Administration of juglone to EAP model mice ameliorated prostatic inflammation, reduced pain symptoms, and decreased proinflammatory cytokine levels. Molecular docking analysis and CETSA, in conjunction with data from the Human Protein Atlas database, indicated that NLRP3, caspase-1, and GSDMD, along with their effects on macrophage pyroptosis, may serve as key targets for the effects of juglone. Furthermore, juglone inhibited the expression of these proteins. Assays of OxS demonstrated that the administration of juglone mitigated OxS in both animal and cellular experiments. These results were reversed with BzATP treatment.

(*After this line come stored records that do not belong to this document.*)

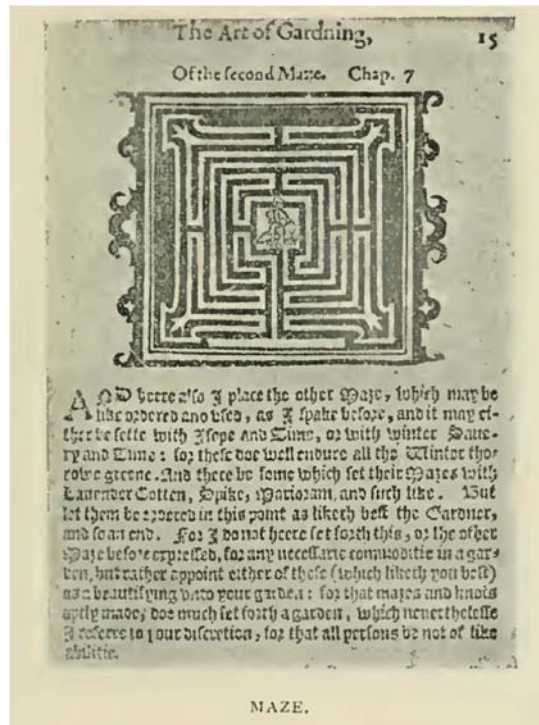
[ 図 6-4 ] 迷路

迷路 maze は、今や多くの庭園で見られるようになったもう一つの特徴であった。 「ラベンダー、cotton spike、マジョラムなどで作られた迷路、あるいはヒソップとタイム、サンザシの生垣 quickset、セイヨウイボタ、枝を組み合わせた果樹で作られた ( † Thomas Hill. )。ローソンは迷路を作る際の説明をしており、「迷路が人間の背の高さまで作られた場合、あなたのお友達はベリーを摘みながら歩き回り最後はあなたの助けなしには迷って出ることにはできない」と言っている。トーマス・ヒルは迷路について 2 つのデザインを提案しているが、これは「庭園になくてはならないもの」というのでなく、「むしろ」・・・「自分の庭園にそのような余地があって希望するなら迷路の一つでも設けて・・・その空いている場所に・・・時々はその中で遊ぶことを唯一の目的とするために取っておくのが一番よいであろう」と述べている。
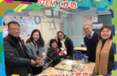
數常 STEM 工作坊
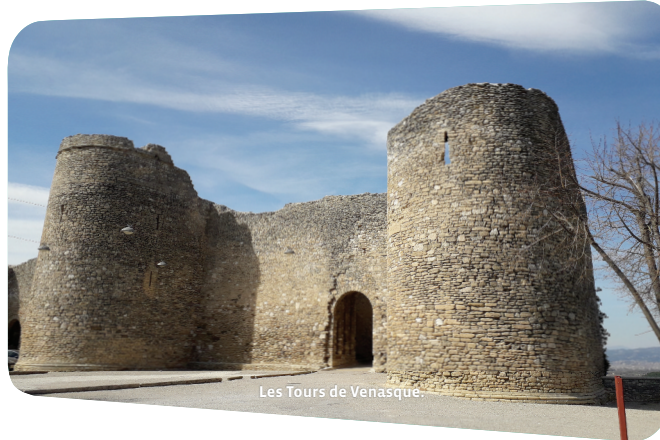
Les Tours de Venasque.

Les ruines de la ferme de la Pérégrine (entre les points 2 et 3)
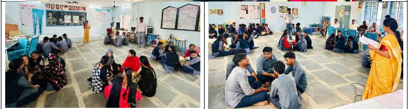
Quiz Competition on 30 th September, 2024
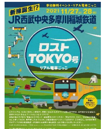
ポスタービジュアル

※11月29日以降、入缺は行いませんが、「きっぷ風散策MAP」はチェックポイントの駅等にて配布を行いますので、当日ご参加いただけない方も、散策にご活用ください。(なくなり次第終了)
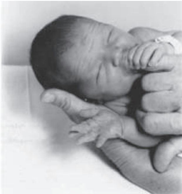
Slika 3. Povezanost ispitivača i novorođenčeta starog dva dana 39 Figure 3. Connection between examiner and newborn two days old 39
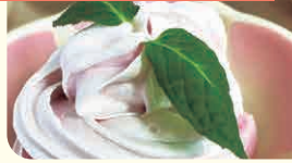
デイサービスセンター ちとせ
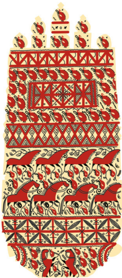
Рис. 20. Зарисовка фрагментов старинных палащельских прялок
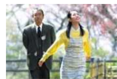
博士の愛した数式

それぞれ 10:00/13:30の2回、各回80名。 ゆいの森あらかわ1階総合カウンターで直接申し込みか、ホームページからも申し込み可能です。 「さかなのこ」はジョイフル三の輪もロケ地に。 ぜひご覧ください。
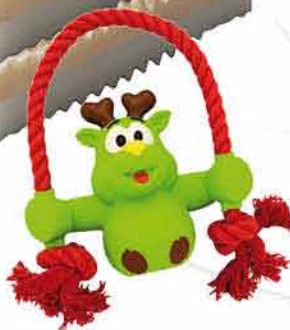
HUHUBAMBOO silikonová hračka PET CENTER 129,-
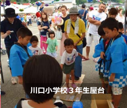
川口小学校3年生屋台
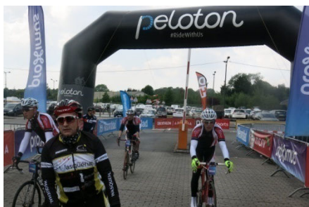
34) Arrivée devant Tournai-Expo.
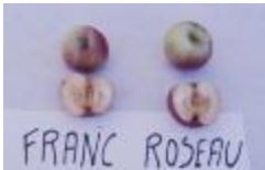
Franc roseau du Valais (PAY_GI)
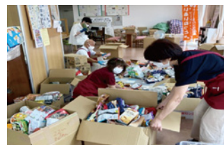
寄贈された食品のチェック・仕分け

地域づくりを目的に、全国に先駆けて、食品ロスを使用したコミュニティレストラン「まめnanレストラン」を2017年まで実施し、それ以降、イベント時にはスタッフやボランティアが食品ロスを使用した軽食を手作りし、参加者へ提供しています。※コロナ禍以降現在中止しています。等

In conclusion, juglone can alleviate EAP by suppressing the pyroptosis of macrophages mediated by NLRP3/GSDMD and alleviating OxS; therefore, juglone has the potential as a therapeutic for CP/CPPS. Furthermore, our studies confirmed that juglone can bind stably to NLRP3, caspase-1, and GSDMD. These findings validate the mechanism of action of juglone and offer valuable insights for the treatment of other diseases mediated by these proteins, such as inflammatory bowel disease, nonalcoholic steatohepatitis, and multiple sclerosis.
胡桃醌是一种天然存在的萘醌化合物,主要存在于核桃植物的果实、叶子和根部。尽管其抗氧化和抗炎作用已在多种疾病中得到证实,但其在慢性前列腺炎/慢性盆腔疼痛综合征(CP/CPPS)患者中的治疗潜力仍未得到探索。
我们的目的是研究胡桃醌治疗CP/CPPS的疗效,并阐明其潜在机制。
为建立实验性自身免疫性前列腺炎(EAP)小鼠模型和巨噬细胞焦亡模型,评估了胡桃醌对CP/CPPS的治疗效果。进行分子对接分析、细胞热位移分析(CETSA)并参考人类蛋白质图谱数据库,以进一步探索参与胡桃醌治疗CP/CPPS的靶分子。此外,我们利用免疫组织化学、免疫荧光、蛋白质印迹和流式细胞术来评估巨噬细胞焦亡及相关信号通路蛋白表达。通过丙二醛(MDA)、超氧化物歧化酶(SOD)和谷胱甘肽过氧化物酶(GPx)检测来评估氧化应激(OxS)。NLRP3焦亡途径的激动剂BzATP用于体内外的恢复实验。
给EAP模型小鼠施用胡桃醌可改善前列腺炎症,减轻疼痛症状,并降低促炎细胞因子水平。分子对接分析和CETSA以及人类蛋白质图谱数据库的数据表明,NLRP3、半胱天冬酶-1和Gasdermin D及其对巨噬细胞焦亡的影响可能是胡桃醌发挥作用的关键靶点。此外,胡桃醌抑制了这些蛋白质的表达。氧化应激检测表明,在动物和细胞实验中,施用胡桃醌均可减轻氧化应激。BzATP处理可逆转这些结果。
总之,胡桃醌可通过抑制NLRP3/Gasdermin D介导的巨噬细胞焦亡和减轻氧化应激来缓解EAP;因此,胡桃醌有潜力用于治疗CP/CPPS。此外,我们的研究证实胡桃醌可以与NLRP3、半胱天冬酶-1和Gasdermin D稳定结合。这些发现验证了胡桃醌的作用机制,并为治疗由这些蛋白质介导的其他疾病,如炎症性肠病、非酒精性脂肪性肝炎和多发性硬化症,提供了有价值的见解。